Scheme 23 Catalytic asymmetric alkenylation of aryl N-nosyl imines with potassium alkenyltrifluoroborates. |
As shown in Scheme 25, a series of aryl boronic acids could react with 2-cyclopentenone (X = CH2, n = 1), 2-cyclohexenone (X = CH2, n = 2), and cyclic α,β-unsaturated esters (X = O, n = 1, 2). The reactions proceeded under very mild conditions with 2 equivalents of boronic acid, 2.5 mol% of [RhCl(C2H4)2]2 and 5.5 mol% of chiral diene ligand at room temperature for 3 h, providing the corresponding chiral adducts 54 in excellent yields and enantioselectivities.47 In this case, the electron-donating or electron-withdrawing substitution of the phenyl boronic acids did not significantly affect the reaction yields and stereoselectivities.

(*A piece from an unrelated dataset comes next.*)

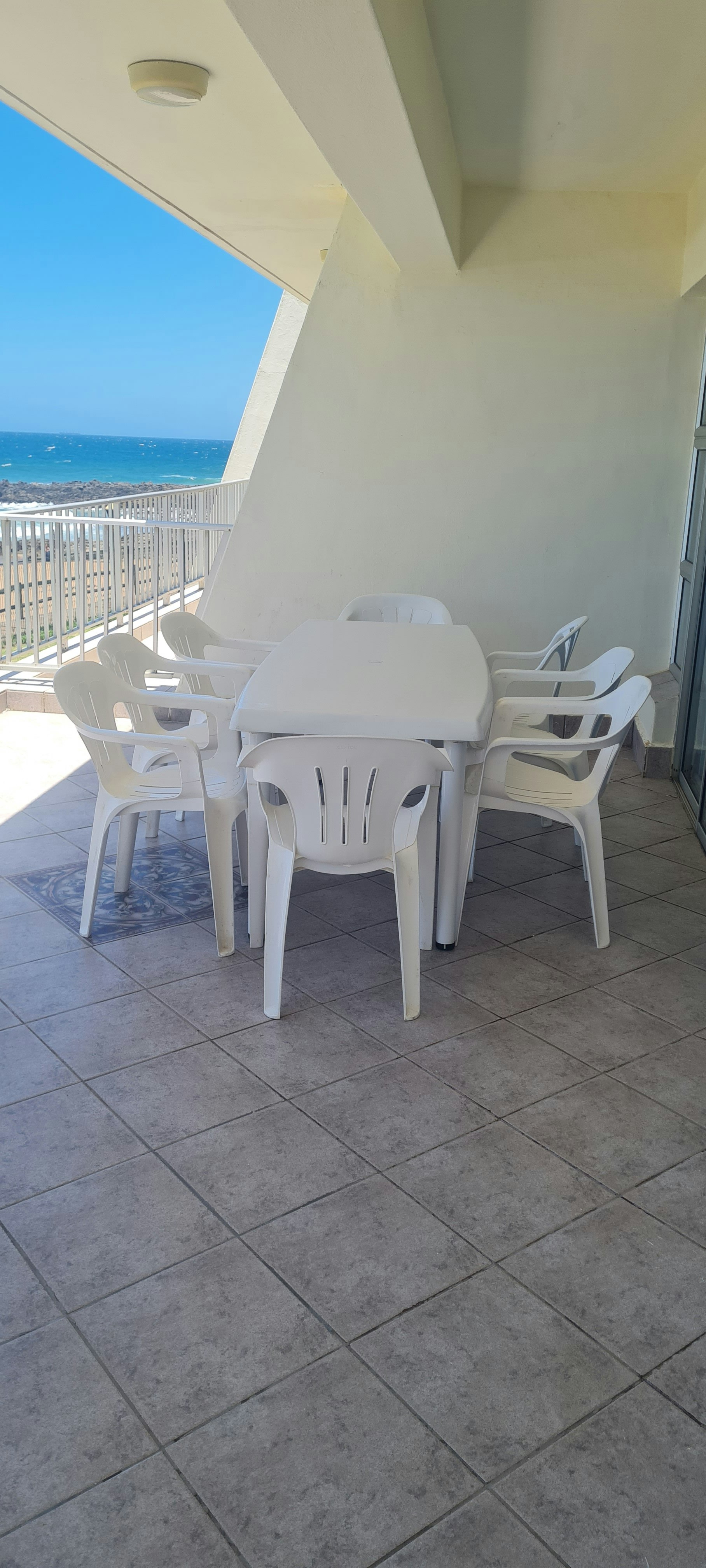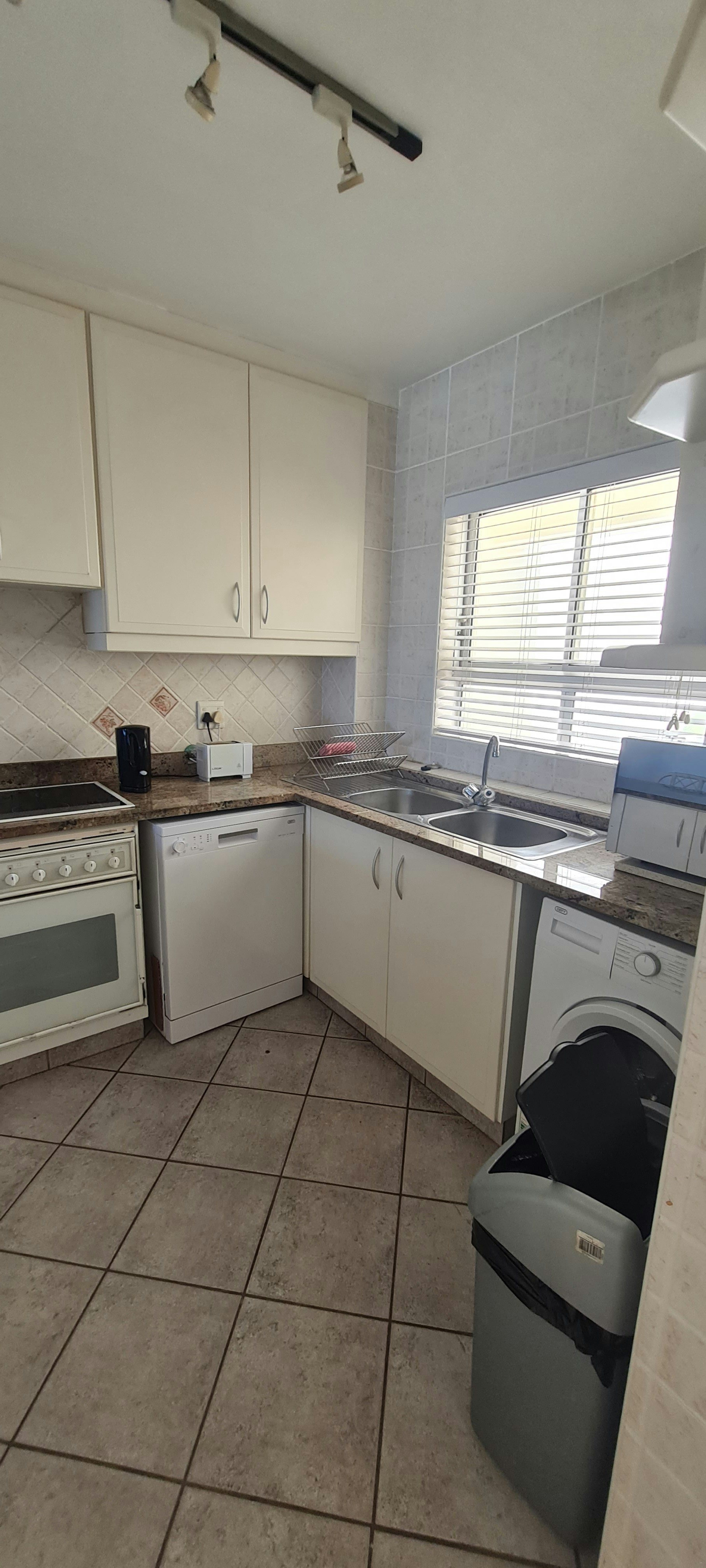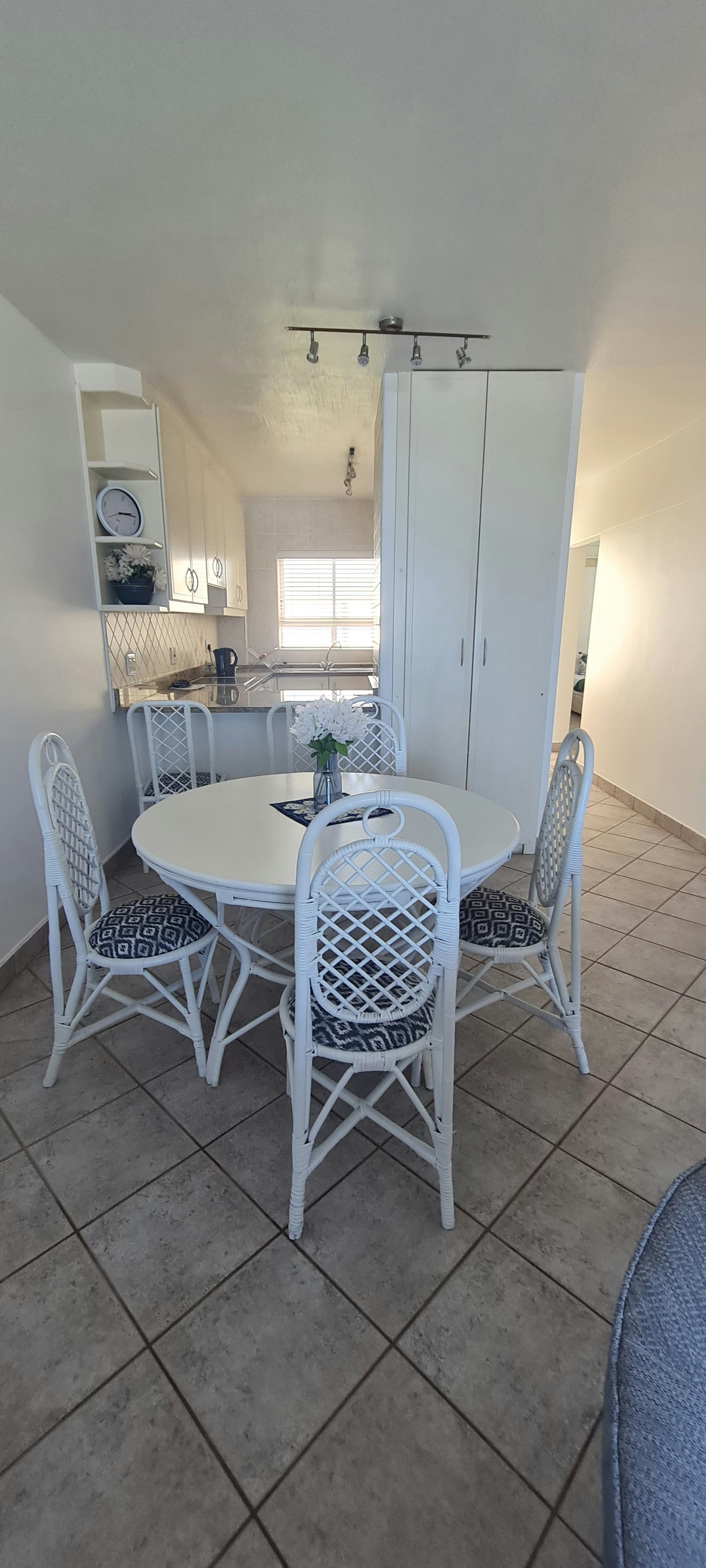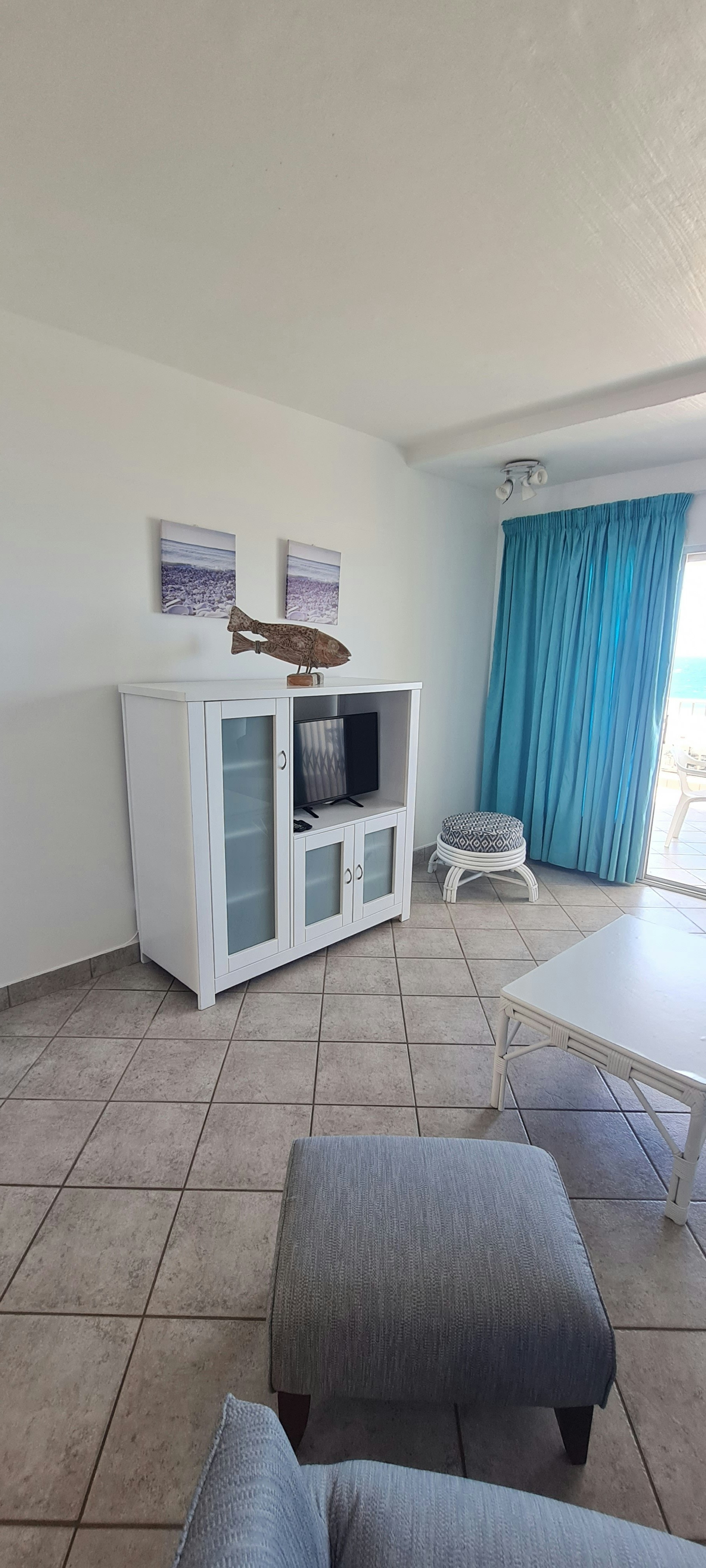 Die kombuis het 'n toonbank met 2 stoele en is met 'n stoof, oond, mikrogolf, broodrooster, yskas-vrieskas, eetgerei en breekware, asook tee- en koffiemaakgeriewe toegerus. Daar is ook 'n skottelgoedwasser en 'n wasmasjien. Die leefarea het 'n etenstafel met 4 stoele, gemaklike rusbanke voor die platskerm-TV en sekere DStv-kanale. Hierdie area lei na die balkon wat meubels en 'n uitsig oor die see het.

Interestingly, sterically more hindered 1-naphthylboronic acid and 2-tolylboronic acid led to slightly higher enantioselectivities (98% ee) for this conjugate addition.
The above bicyclo[3.3.0]octadiene ligand has two phenyl rings directly connected to two double bonds. It would be interesting to explore other ligands L3–5 by moving the bulky substitutions from the double bonds to the adjacent carbon atoms. Due to multiple oxygen atom substitutions, such diene ligands are shown to be quite soluble in water (Fig. 5).
We tried rhodium-catalyzed asymmetric conjugate addition of cyclohexenone and phenyl boronic acid using the above ligands in aqueous media. The reactions were conducted with 2 equivalents of boronic acid, 2.5 mol% of [RhCl(C2H4)2]2, 5.5 mol% of chiral diene ligand at room temperature. To our delight, all three ligands L3–5 could lead to the corresponding adduct within 0.5 h, and the diketal ligand L3 was found to be optimal, providing high yield (96%) and excellent enantioselectivity (93% ee).48 Encouraged by this, we explored such addition reaction with a variety of boronic acids (Scheme 26). Different from the results in Scheme 25, the 2-cyclohexenone (X = CH2, n = 2) substrate afforded higher enantioselectivities than the 2-cyclopentenone (X = CH2, n = 1) substrate, providing the corresponding adducts 54 with 93–95% ee and 80–86% ee, respectively. In addition, the sterically more hindered 1-naphthylboronic acid and 2-methoxyphenylboronic acid resulted in significant loss in terms of stereoselectivities (52% ee and 69% ee, respectively). The reactions with cyclic α,β-unsaturated ester (X = O, n = 2) also led to a modest decrease in enantioselectivities (80–82% ee).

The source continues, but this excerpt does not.